ROFL at ur wordage on the tut ..your funny hehe ..anyway plumage looks great on you ...Im going to try this look ..thansk ..ps ma face is a blob too =P


----------



## thelilprincess (Jun 12, 2007)

aw, i use plumage, in fact i just used it a over the weekend - thanks so much for the post.  you inspired me to actually take a FOTD next time i use it.  confused:  i didn't even know people were hatin' on plumage)


----------



## flowerhead (Jun 12, 2007)

I dont hate Plumage, I think it is BEAUTIFUL. Nice job


----------



## yummy411 (Jun 12, 2007)

i love plummage too! it was my first matte color =)


----------



## beauty_marked (Jun 13, 2007)

Quote:

   Originally Posted by *yummy411* 

 
_i love plummage too! it was my first matte color =)_

 

me too!!!

great tutorial. your gorgeous.


----------



## Brianne333 (Jun 14, 2007)

That looks great on you, thanks for sharing!


----------



## janelovesyou (Jun 14, 2007)

Hey, stop calling yourself names!
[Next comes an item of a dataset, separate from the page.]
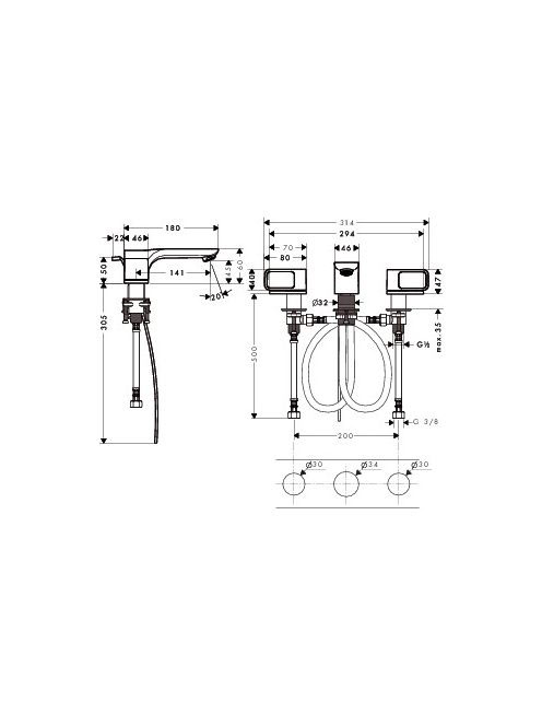 Axor Urquiola 3-lyukú mosdócsaptelep takarórozettákkal 11041000

Great tut
You look awesome


----------



## bhaerynden (Jun 14, 2007)

I really love your tut, maybe I'll try as I never used my Plumage lol
And I love the way you do your eyebrows !!


----------



## breathless (Jun 22, 2007)

i don't have plumage. but, i think i might have to get it because of this tut!! =]] thanks doll!


----------



## LillianaOcho (Jun 24, 2007)

i just bought plumage and i cant wait to try this look!


----------